When Should I Change My Air Conditioner's Air Filter at Home?

February 26, 2015

Every once in a while we’re asked what is the best thing that Ravenna area homeowner's can do to secure their air conditioning and heating system between their seasonal tune-ups? It's a simple question with a simple answer; remember to change the heating and air conditioning air filter. Replacing furnace and return air filters is critical to the ideal operation of your HVAC system, in addition to your home's air quality. Research suggests that indoor air pollution is one of the top five environmental health risks? You probably don’t consider it as you sit and watch TV, but this is the air you breathe day and night. Changing the air filters is not all that hard for most Ravenna homeowners, but there are often two hurdles to actually getting it done:

  1. Determining just how often to swap out your furnace or air conditioner filter.
  2. Changing them when you’re suppose to.

When To Change Your Air Filters

Most filters have a timeline printed on the box or plastic. It may instruct "Lasts up to 3 months" or "Change filter every 90 days". Check out the filters at the store and you should see that some are designed to only last a single month, while other manufacturers (like Honeywell) have released media air cleaners with filters meant to be changed once every 6-12 months. The industry standard seems to be once every three months for most higher quality filters, but we have a rule of thumb that we tell our readers to go by. If it's dirty, change it! A dirty air filter can exacerbate or cause damage to expensive components, like your compressor, so it's recommended to change it out more often than neglect it. If you want to stick to the manufacturer's recommended limit, we suggest scribbling the date on the filter when you swap it out, and adding a reminder for yourself in your phone or on a calendar. Also note that your filter manufacturer may have a different recommendation from your HVAC equipment manufacturer.

Deciding how often to change your air filters can depend on several factors:

  • Type of filter your A/C system requires
  • The entire air quality of your Ravenna area home
  • Pets – Cats, dogs, birds, etc.
  • Occupancy of the home
  • How much construction is taking place in the neighborhood around your home

For the common 1"-3" air filters, the manufacturer specs basically suggest to change them bi-monthly, which is actually a great rule of thumb. However, general guidelines are not applicable to all. If you have to tolerate light to moderate allergies, you may need to upgrade the air filter or change them even more often than OEM specifications. On the other hand, if you're in a low population area, own a infrequently occupied home (like a vacation home) or an area where there are fewer cars around, annual replacement of your air filter may be quite sufficient. Why should you factor in your pets? They have a tendency to shed, which can clog your air filter in no time, just like a vacuum. Obviously, the air filter is just doing its job by capturing pet hair and dander, but extremely dirty filters can cause seriously reduced HVAC performance.

In summary:

  • Vacation home or single occupant homes without pets or allergies: Change 6-12 months
  • Average suburban home without pets: Change every 90 days
  • Got a cat or dog: Change every 60 days
  • Several pets or have allergies: Change every 30-45 days

How To Remember To Change Your Air Conditioner's Air Filters

Service Experts Heating & Air Conditioning offers a simple solution; sign up for the Service Experts Email Club. This is a convenient way to get money-saving discounts and other helpful information on your smartphone, tablet or desktop. In addition, your email subscription preferences let’s you set a reminder to change your Ravenna area home's air filter every 30, 60, 90, 120 or 365 days, or the date of your choosing.

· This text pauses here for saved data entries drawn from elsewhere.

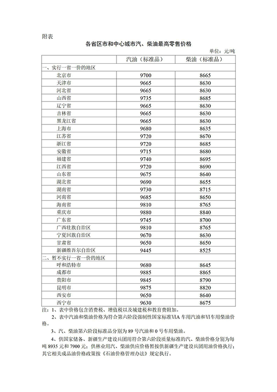 附:各省區(qū)市和中心城市汽、柴油最高零售價(jià)格
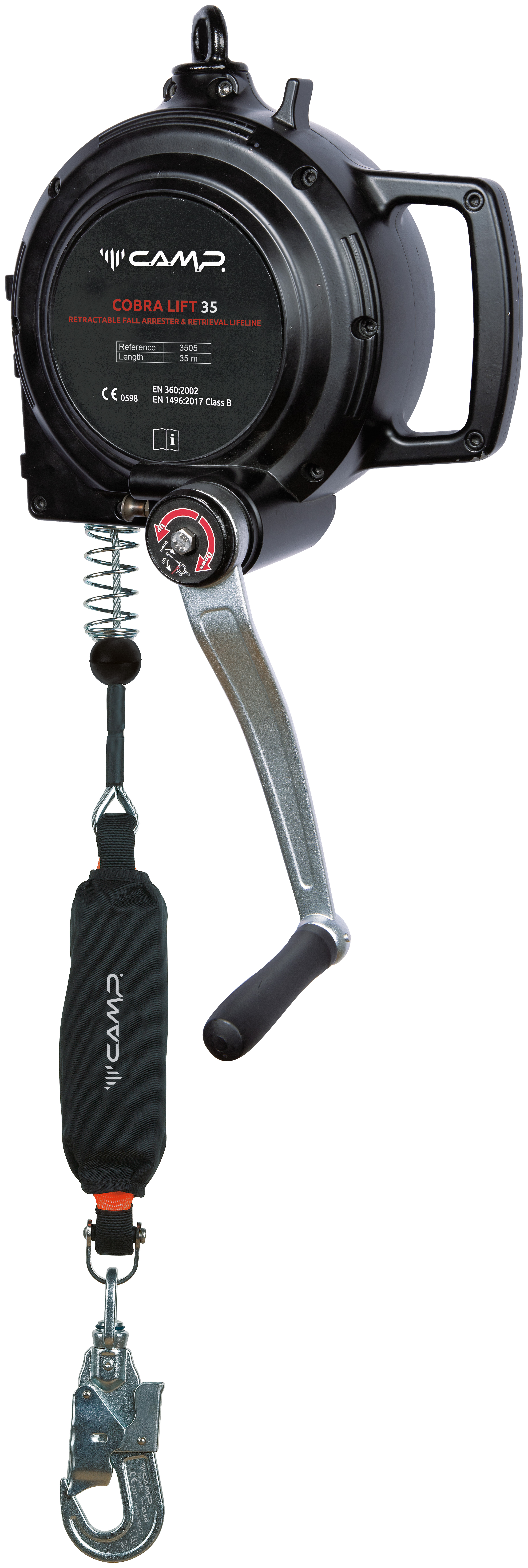 Self-retracting fall arrester with a cable length of 35 m, equipped with handled mechanism for retrieval.
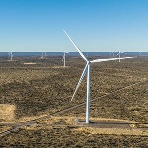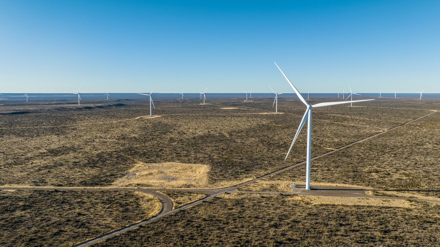 這是6月12日在阿根廷丘布特省馬德林港拍攝的羅馬布蘭卡一期風電場(航拍照片)。新華社記者 王天聰 攝
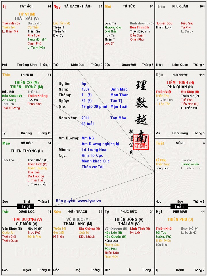 Nhờ anh Phongkiem luận giúp em, em quan tâm đặc biệt về cung Phu thê, Tử tức và tài bạch ạ.
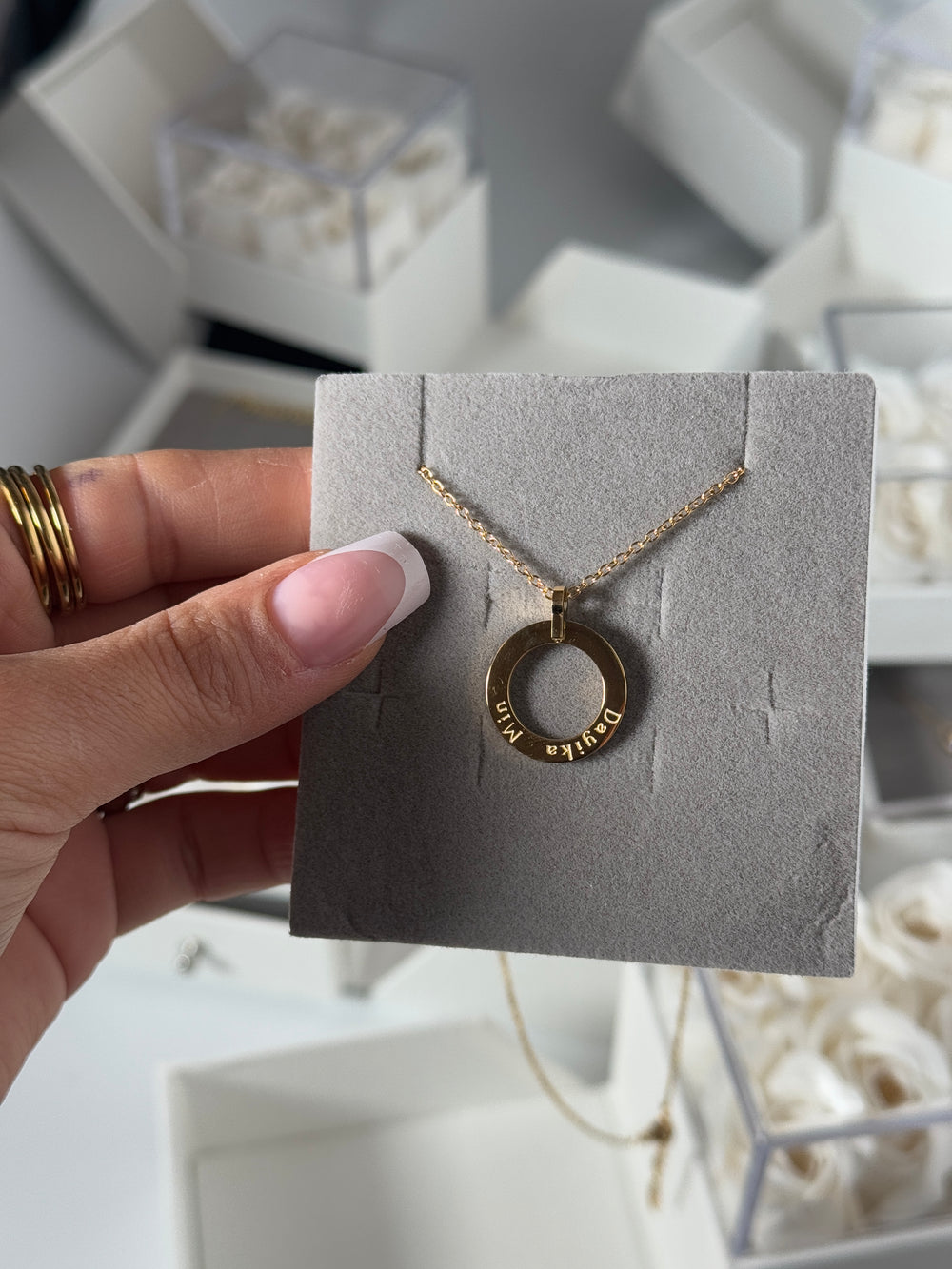 The round pendant is delicately engraved with the phrase "Dayika min" – which means "my mother" in Kurdish – adding an extra layer of love and meaning to this special gift.
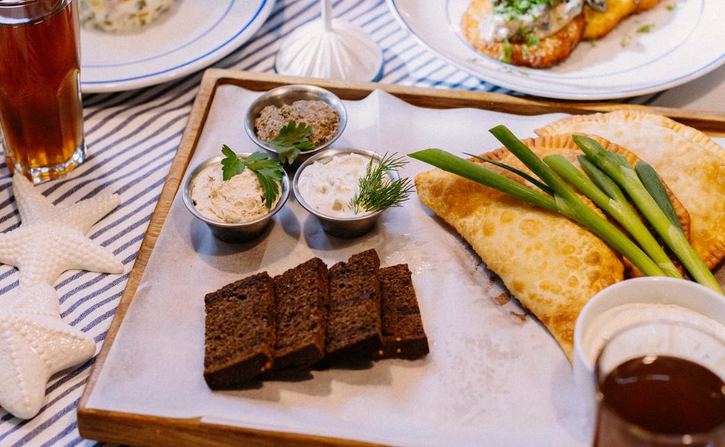 - намазка из шпрот с зеленым луком, грибная намазка с творожным сыром, намазка из творога с маринованным огурцом и чесноком, поджаренный на мангале хлеб
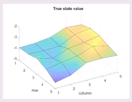 np.linalg.solve(A, b)是 NumPy 里用来解线性方程组的函数:它直接求出满足 $Ax = b$ 的 $x$ 的值. 因此原先 $v = r_{\pi} + \gamma P_{\pi}v$ 被移项成了: $(I - \gamma P_{\pi})v = r_{\pi}$我们只需要构造出来 $A$ 和 $r_{\pi}$ 就可以求解出 $v$ 的值.
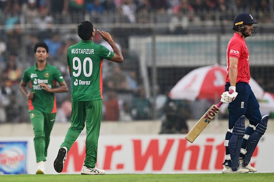Bangladesh's Mustafizur Rahman celebrating after taking the wicket of England's Dawid Malan (R) during the third and final T20 international match at the Sher-e-Bangla National Cricket Stadium in Dhaka on Tuesday — AFP
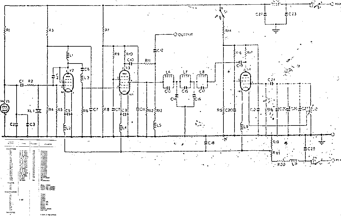 A crystal controlled oscillator provides fixed frequency signals of 500kc/s to well beyond 10mc/s.
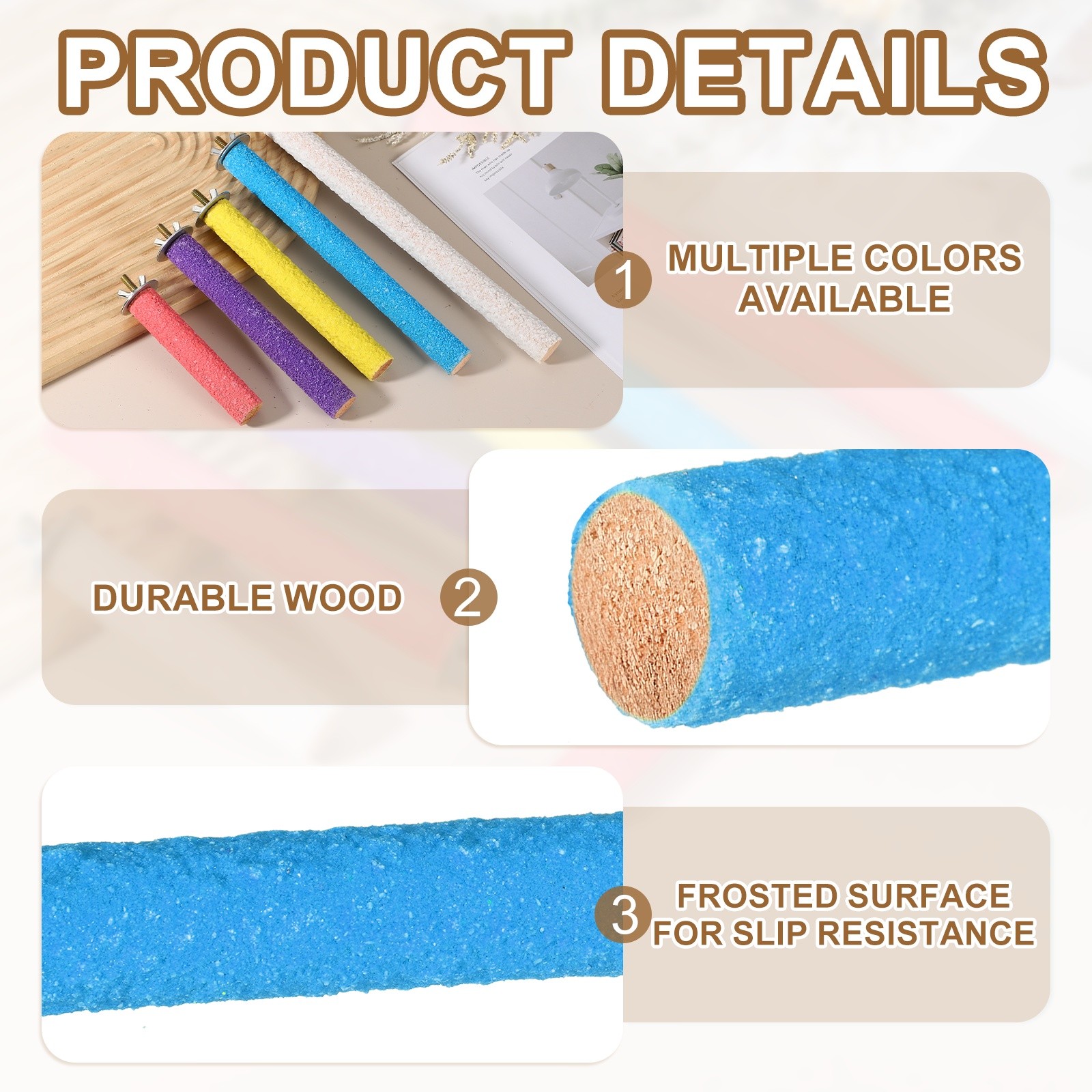Bird Cage Perch, Parrot Grinding Claw Sticks, 8/10 Inch, Wooden, Blue, 2Pcs
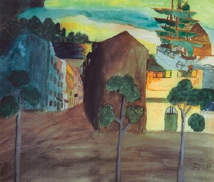 Han signerade oftast med PMP i nedre högra hörnet i olika stilar men ibland med obegripliga 1LBAEYRY. En av hans bilder med människor är en känslosam scen med några prostituerade utanför en krog. Fot- eller hjulspår och hus finns med, liksom träd som inte kastar några skuggor. I stadsbilder kan husen te sig nästan levande.

How to replace your return air filter

Most of us know how to replace the air filter in their unit, but some residences have another filter in the return ductwork. Whether you have one or not is dependent on what your unit's manufacturer recommends. Your unit is made to handle a certain amount of pressure in your home sweet home, and the more filters you have the harder the blower motor works, which can shorten the life of your system if it isn't designed for it. Learning whether you have a return filter and replacing it is a piece of cake:

  1. Go to your return air vents.
  2. Some covers have screws and some have tabs. Unscrew or pull tabs to pull off the wall.
  3. Inspect for a filter. If one is in place, pull it out and record the size.
  4. Verify the filter type is the one recommended by the manufacturer.
  5. If filter is dirty, replace with the manufacturer's recommended filter of the same size and type.
Crazy as it may seem, filters can dramatically affect your home's airflow, which is why we recommend asking the manufacturer. A more expensive HEPA filter that is designed to catch smaller particles will obstruct airflow more than a cheaper filter. With restricted airflow comes more pressure on your system, so you should verify that your HVAC system was made to handle it. Otherwise, you might experience lowered heating and cooling efficiency in your home, and unit parts may break down much faster than otherwise.